Появляется З е в и н. В руках у него ящик с плотничьим инструментом.
З е в и н. Смотрю я сейчас — весь дебаркадер моими руками сделан. От старого ни единой доски не осталось…
В а р в а р а. Егор, этот парень, что сёдни приехал, Андрей Семеновича сын родной. Письмо он привез… (Читает вслух, иногда проборматывая текст.) «Андрей…». Мм… Вот! «Учти, что Борис не знает, к кому он приехал». Тут подчеркнуто слово «к кому»… «Я ему не сказала. Ведь когда ты бросил нас, лишил Борю отца, а себя сына, ты это сделал сам, один. Так и теперь сам думай, рассказать ли ему обо всем. А я, чтоб не тревожить его понапрасну, сказала, что ты мой давний знакомый». (Вновь проборматывает текст. Дальше читает с язвительной усмешкой.) Еще: «Оба мы уже немолоды, Андрей, не пришла ли тебе пора хотя бы к старости вспомнить, что у тебя есть законная жена, которая тебя не забыла…».

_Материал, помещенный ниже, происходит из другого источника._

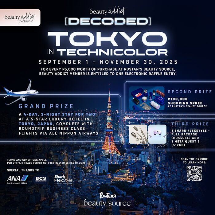 Up for grabs is a luxurious Tokyo getaway: a 4-day, 3-night stay for two at a 5-star hotel with business class flights from All Nippon Airways. The second prize offers a P100,000 shopping spree at Rustan’s Beauty Source, while the third features premium tech must-haves like the Shark FlexStyle Full Package (HD440SL) and a Meta Quest 3 (512 GB).

З е в и н (после паузы, игнорируя пристрастные интонации Варвары). Выходит, сам-то парень не знал, к кому он едет…
В а р в а р а (спрятала письмо). Мы с тобой на поминки пойдем?
З е в и н. Только ты там, при всех-то, не плачь.
В а р в а р а (сорвалась). Зачем ты меня жалеешь?! Другой бы исколотил меня!..
З е в и н. Чего ж тебя теперь колотить?.. Был у меня в Антарктиде знакомый американец, водитель вездехода, Эдди звали. «Ты, рашен, ол-райт, самый большой мороз терпишь». А я ему, значит, отвечаю: «Дома к морозу привык… Привык я, Эдди»… Кофточка эта к лицу тебе, Варя… все тебе к лицу!
З а т е м н е н и е
Сцена медленно выходит из затемнения, и мы видим старика О л ь х о в ц е в а. Он сидит на скамейке. Плетет лапти для продажи туристам. Со стороны церкви появляется Н а д я.
Н а д я. Церковь я подмела, пыль с икон смахнула.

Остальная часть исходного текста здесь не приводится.